» What is required: Leaving out every picture, retype the lines below from the top through the one that contains "A sample of".

(Records from a data collection)
- - - - -
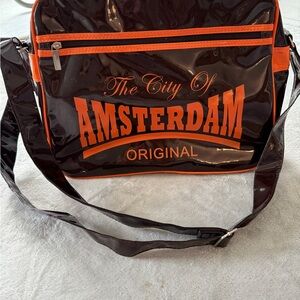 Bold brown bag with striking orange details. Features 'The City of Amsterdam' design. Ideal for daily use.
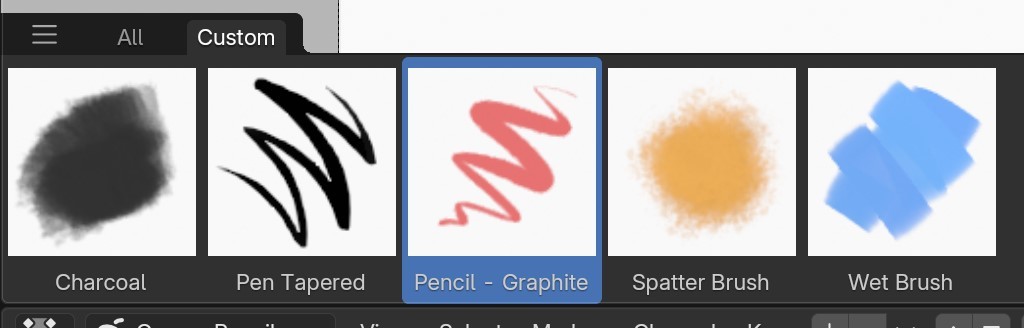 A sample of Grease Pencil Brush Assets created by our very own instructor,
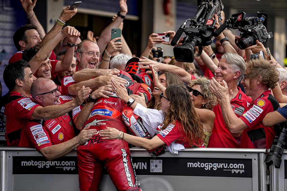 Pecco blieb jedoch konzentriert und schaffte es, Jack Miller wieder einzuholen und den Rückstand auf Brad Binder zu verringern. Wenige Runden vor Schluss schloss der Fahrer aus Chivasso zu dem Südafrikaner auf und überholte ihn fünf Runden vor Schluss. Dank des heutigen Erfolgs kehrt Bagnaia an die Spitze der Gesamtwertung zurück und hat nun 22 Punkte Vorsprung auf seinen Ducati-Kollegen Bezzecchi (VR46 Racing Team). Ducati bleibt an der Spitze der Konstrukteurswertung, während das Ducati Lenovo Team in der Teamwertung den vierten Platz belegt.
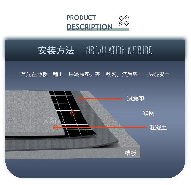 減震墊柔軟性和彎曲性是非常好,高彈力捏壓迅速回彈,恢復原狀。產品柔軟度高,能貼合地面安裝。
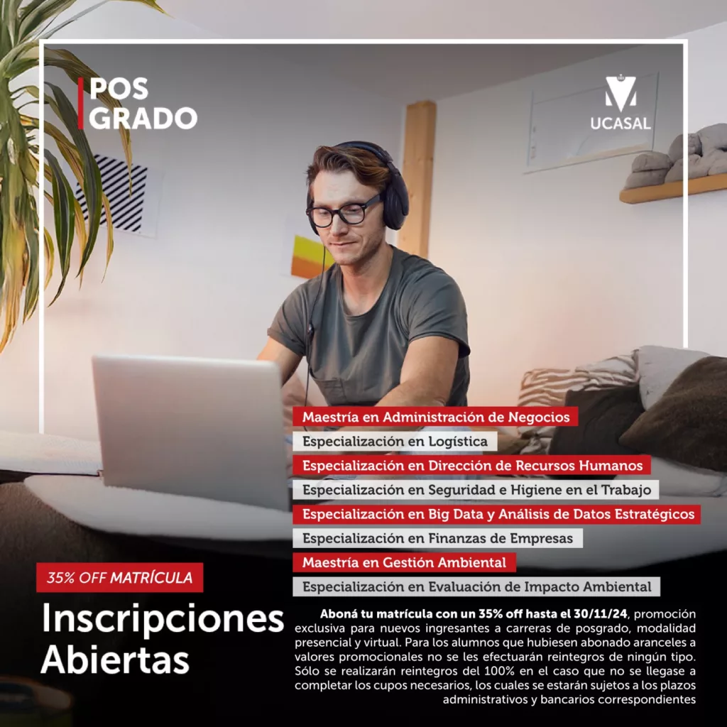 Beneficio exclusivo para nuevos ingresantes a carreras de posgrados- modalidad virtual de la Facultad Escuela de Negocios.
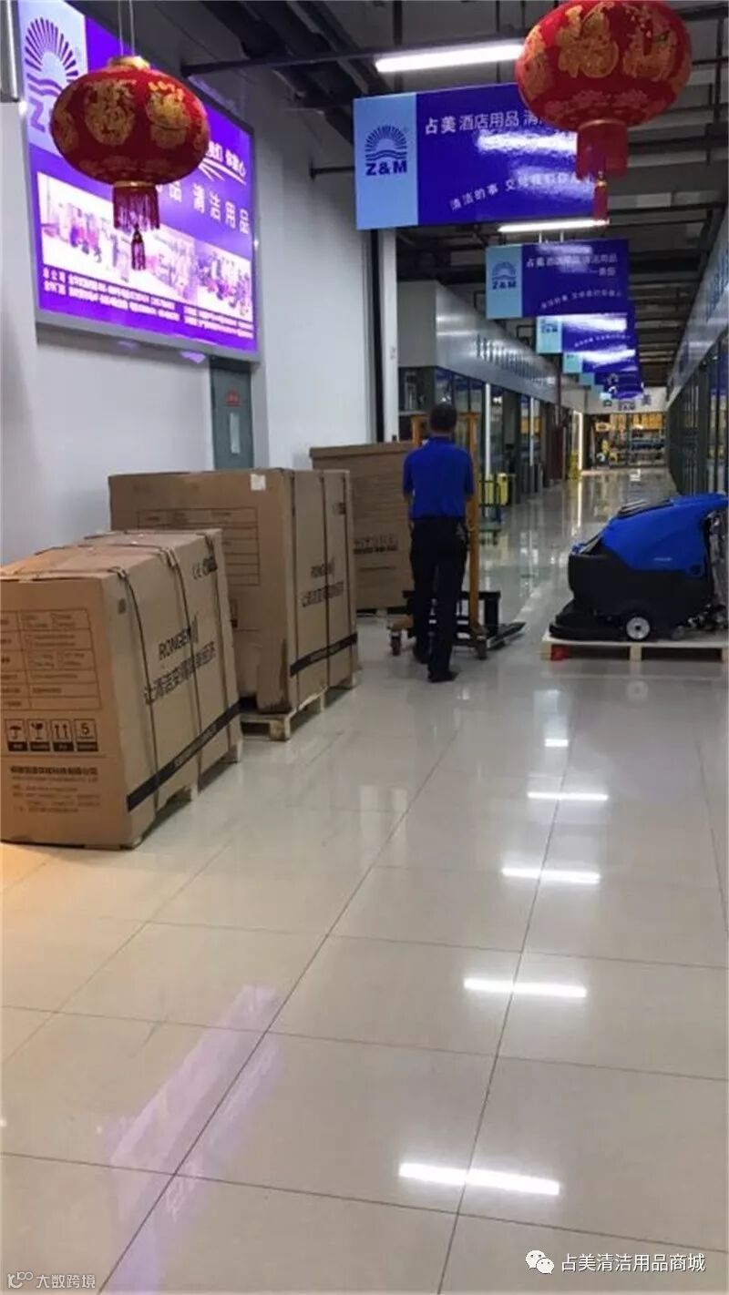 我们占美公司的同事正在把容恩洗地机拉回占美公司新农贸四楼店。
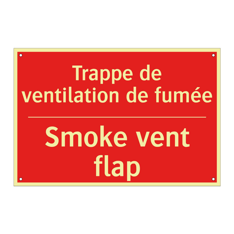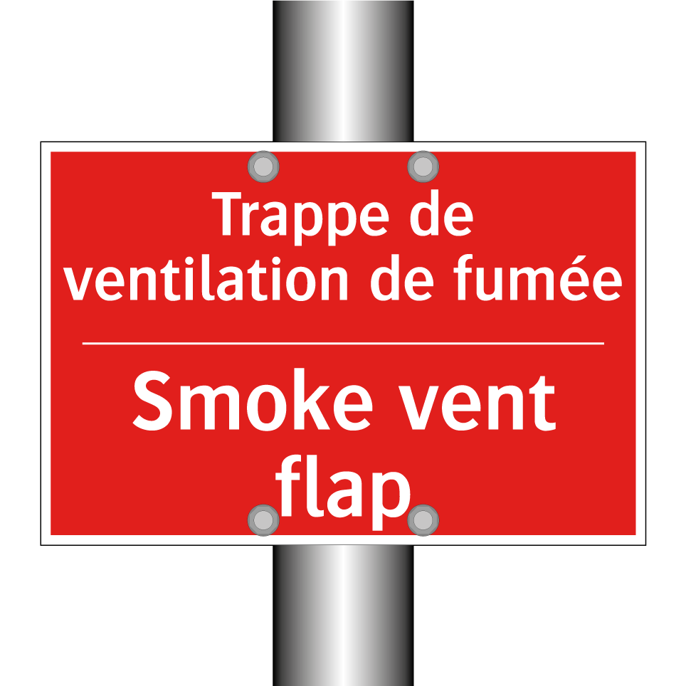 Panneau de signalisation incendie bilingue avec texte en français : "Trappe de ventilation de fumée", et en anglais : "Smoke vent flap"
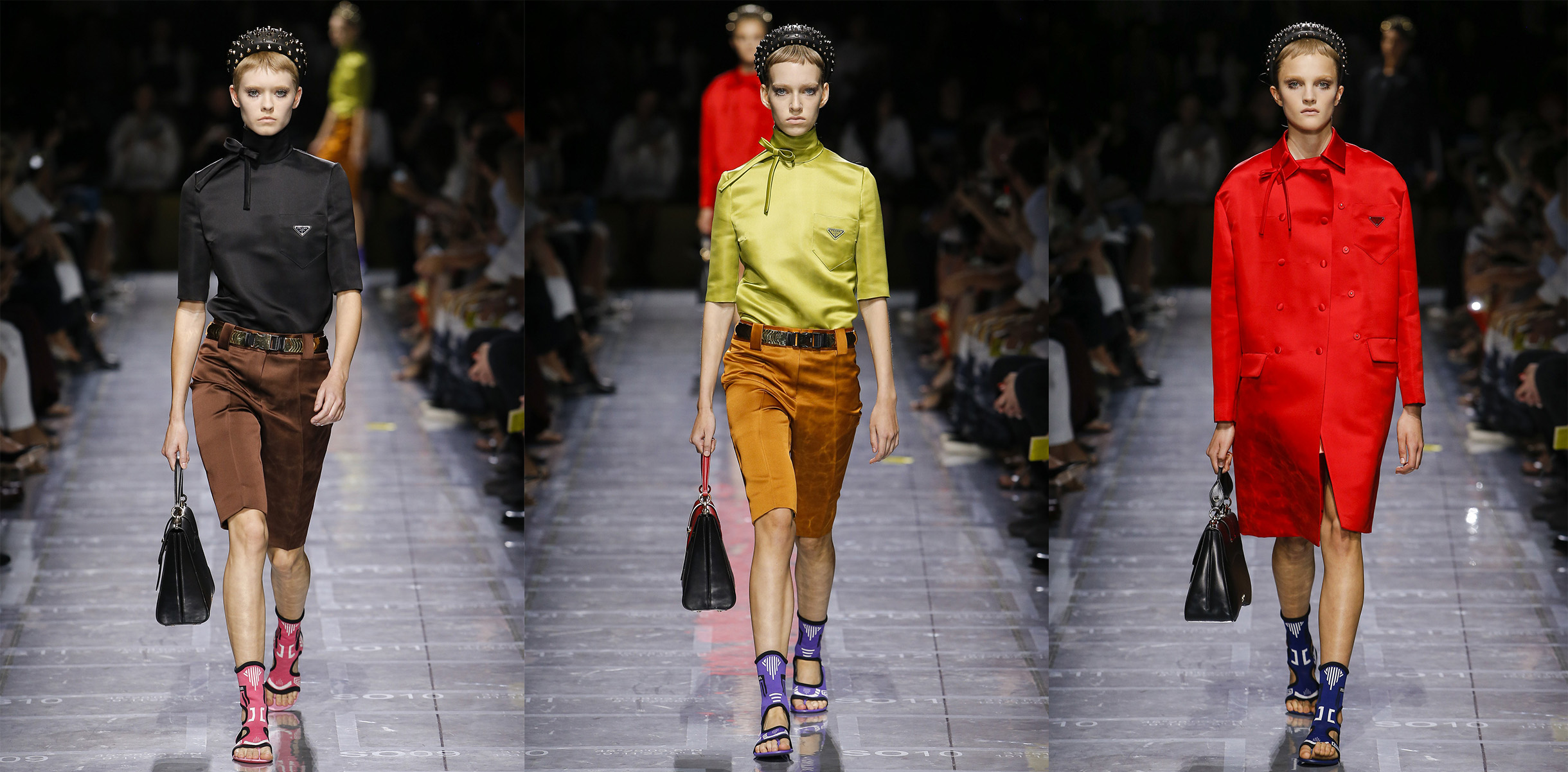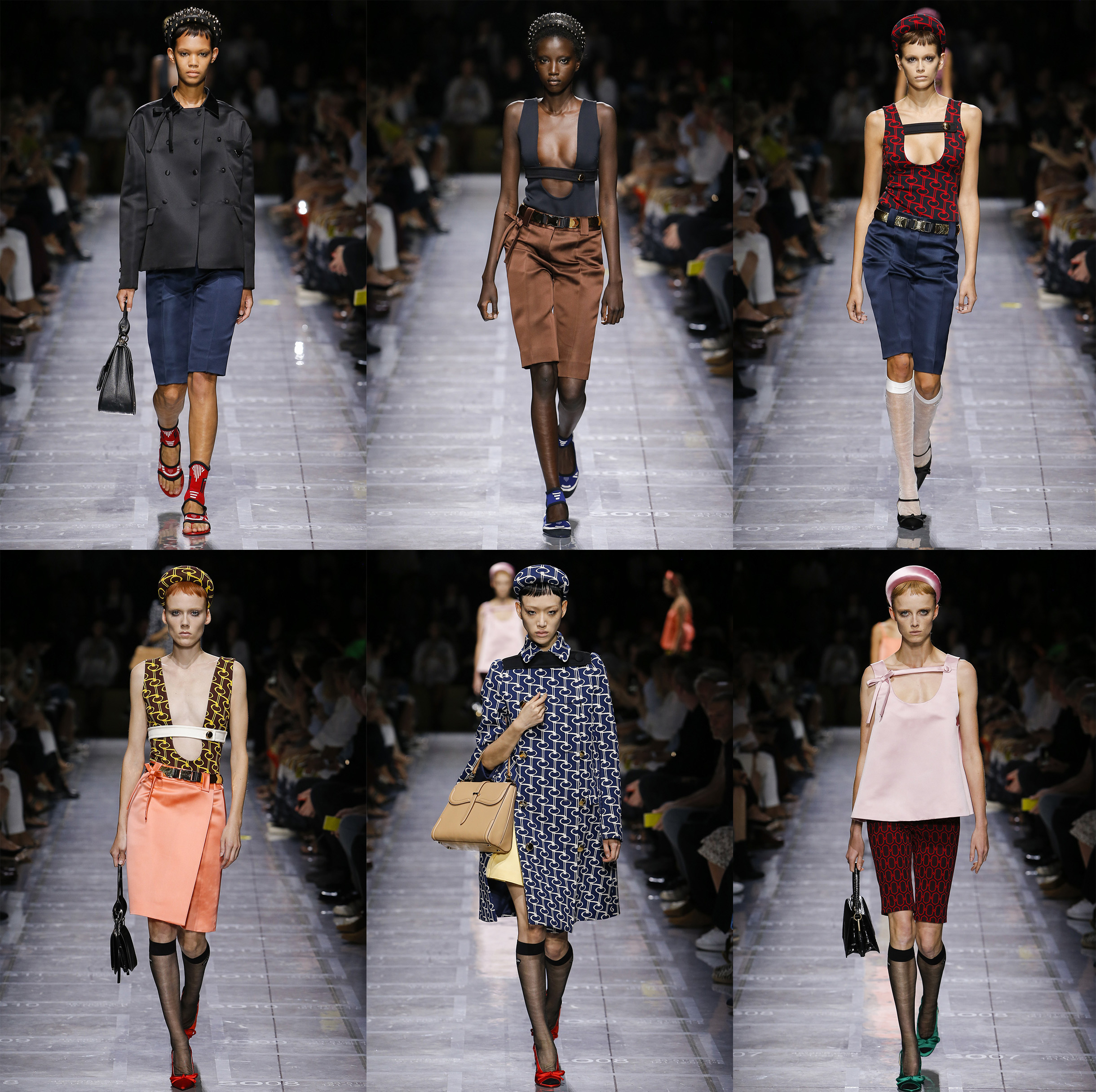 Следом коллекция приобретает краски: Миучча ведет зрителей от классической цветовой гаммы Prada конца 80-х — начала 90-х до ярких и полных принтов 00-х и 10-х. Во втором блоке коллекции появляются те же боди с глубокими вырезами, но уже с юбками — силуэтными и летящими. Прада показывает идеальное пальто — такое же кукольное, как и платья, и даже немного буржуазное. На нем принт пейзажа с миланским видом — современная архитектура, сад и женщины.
- - - - -
» Expected answer:
 Bold brown bag with striking orange details. Features 'The City of Amsterdam' design. Ideal for daily use.
 A sample of Grease Pencil Brush Assets created by our very own instructor,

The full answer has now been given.